(AVAILABLE RECORDS)

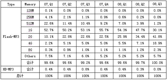 MP3市場各季度銷量同比去年均呈現較大幅度的下滑。2008年第一季度,MP3播放機銷量比去年同期增長-25.3%,第二季度銷量同比增長-50.3%,第三季度銷量比去年同期增長了-53.4%。
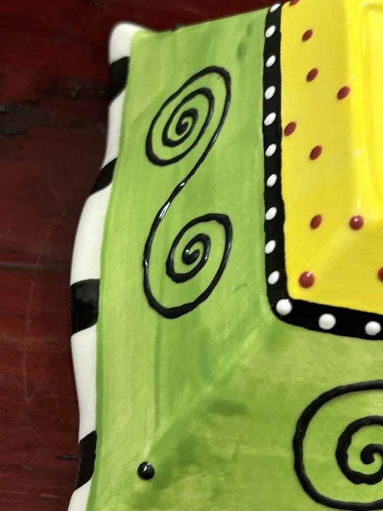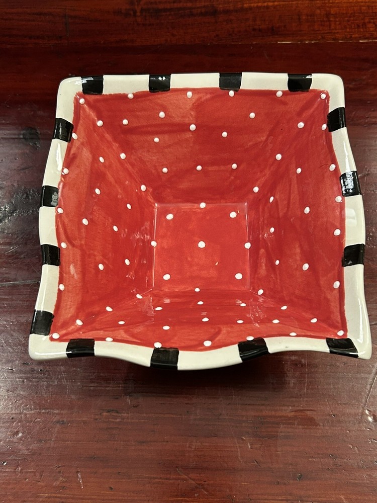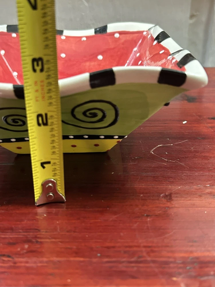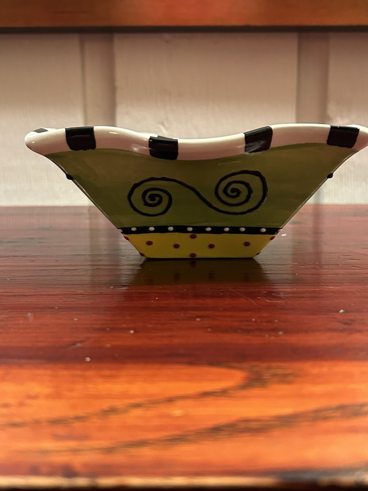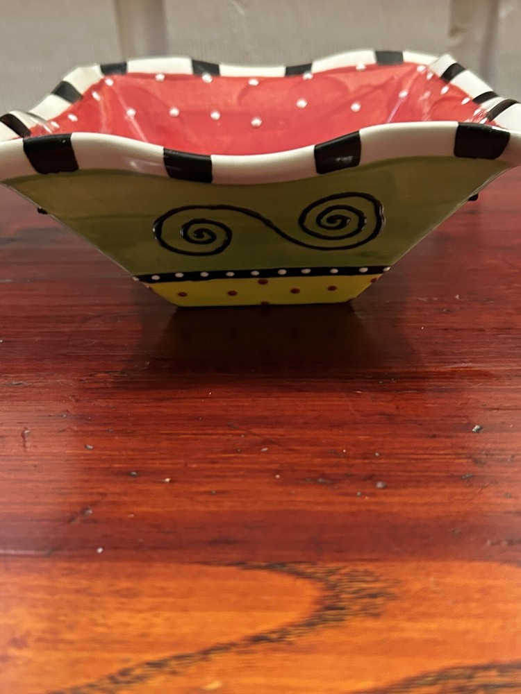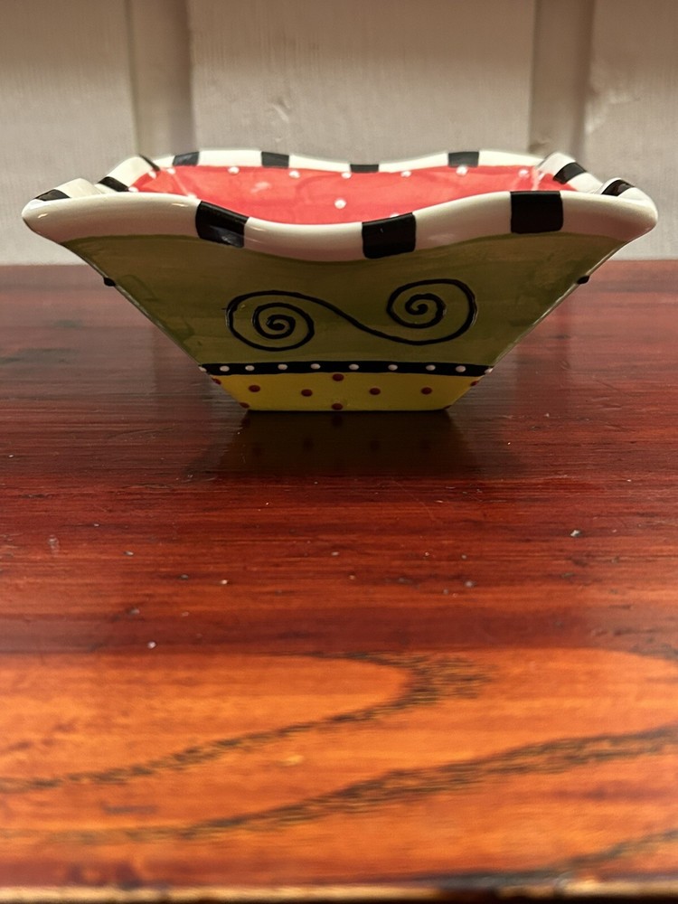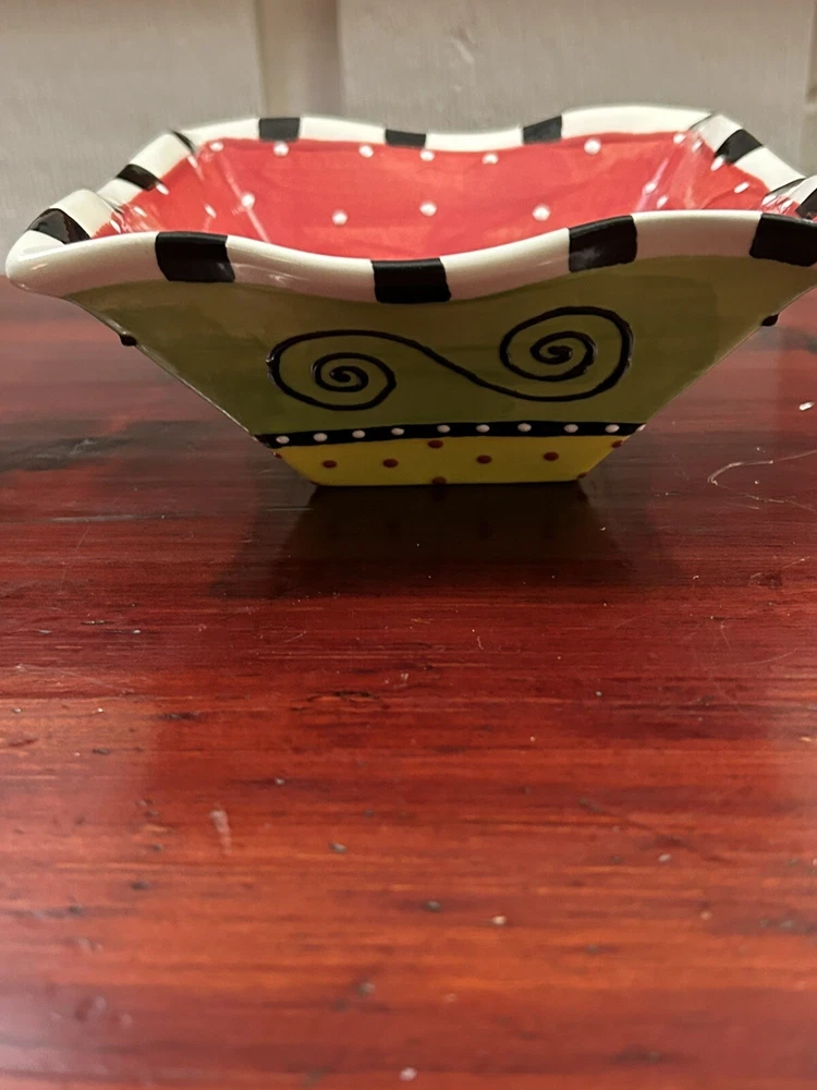 Studio Pottery Colorful 6.5” Square Bowl With Ruffled Edges By Pat Church. Condition is Used. Shipped with USPS Ground Advantage....
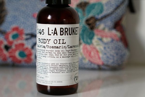 Det är sällan jag packar träningsväskan nu för tiden. De flesta träningspass sker här hemma, antingen i källaren eller ute i skogen. När jag väl åker iväg och tränar byter jag oftast om och duschar här hemma. När jag väl packar träningsväskan så är det bara de mest nödvändiga sakerna som får hänga med, som träningskläder, skor, handduk och necessär. Om det finns möjlighet att basta så ser jag till att få med peeling och kroppsolja också så jag kan lyxa till det lite extra. Att smörja in sig med en kroppsolja i bastun är helt underbart! Min favorit är Lilla brukets kroppsolja med salvia, romarin och lavendel.
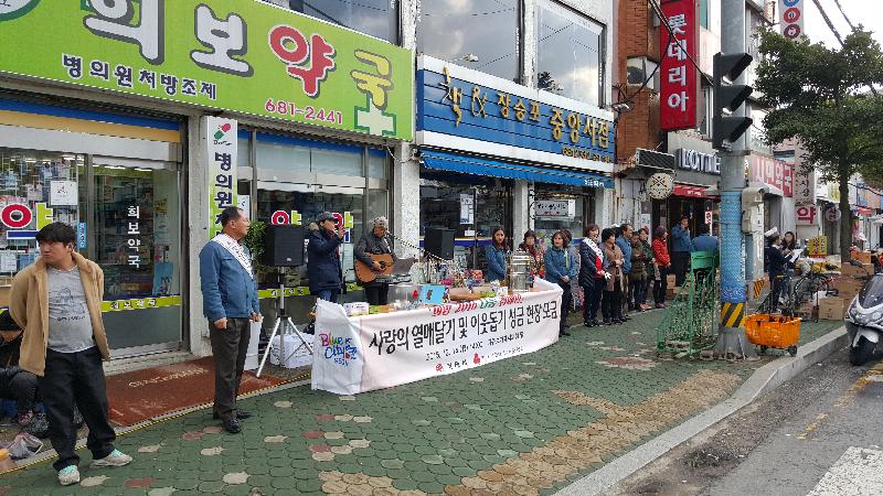 능포, 마전, 장승포 3개동은 지난 21일 오후 2시부터 옥수동 희보약국 앞에서 연말연시를 맞아 사랑의 열매를 매개체로 하여 나눔을 통해 더불어 행복한 사회를 만들고 어려운 이웃과 함께하는 분위기를 조성하고자 ‘희망 2016 나눔캠페인’을 전개했다.
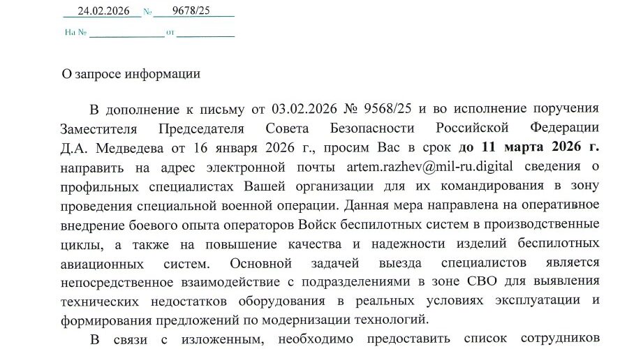 В конце февраля 2026 года оборонные предприятия, производящие беспилотники, получили письмо от Министерства промышленности и торговли Российской Федерации: до 11 марта предоставить списки инженеров для «стажировки» в зоне СВО. Цель объявлена благородной: внедрить боевой опыт операторов прямо в производство, выявить недостатки в реальных условиях и ускорить модернизацию.

(EXERCISE DIRECTIONS)
All lines from the one containing "Studio Pottery Colorful" through the end of the entries, both ends included, should be written out exactly, with no pictures.

(SOLUTION TO THE PROBLEM)
 Studio Pottery Colorful 6.5” Square Bowl With Ruffled Edges By Pat Church. Condition is Used. Shipped with USPS Ground Advantage....
 Det är sällan jag packar träningsväskan nu för tiden. De flesta träningspass sker här hemma, antingen i källaren eller ute i skogen. När jag väl åker iväg och tränar byter jag oftast om och duschar här hemma. När jag väl packar träningsväskan så är det bara de mest nödvändiga sakerna som får hänga med, som träningskläder, skor, handduk och necessär. Om det finns möjlighet att basta så ser jag till att få med peeling och kroppsolja också så jag kan lyxa till det lite extra. Att smörja in sig med en kroppsolja i bastun är helt underbart! Min favorit är Lilla brukets kroppsolja med salvia, romarin och lavendel.
 능포, 마전, 장승포 3개동은 지난 21일 오후 2시부터 옥수동 희보약국 앞에서 연말연시를 맞아 사랑의 열매를 매개체로 하여 나눔을 통해 더불어 행복한 사회를 만들고 어려운 이웃과 함께하는 분위기를 조성하고자 ‘희망 2016 나눔캠페인’을 전개했다.
 В конце февраля 2026 года оборонные предприятия, производящие беспилотники, получили письмо от Министерства промышленности и торговли Российской Федерации: до 11 марта предоставить списки инженеров для «стажировки» в зоне СВО. Цель объявлена благородной: внедрить боевой опыт операторов прямо в производство, выявить недостатки в реальных условиях и ускорить модернизацию.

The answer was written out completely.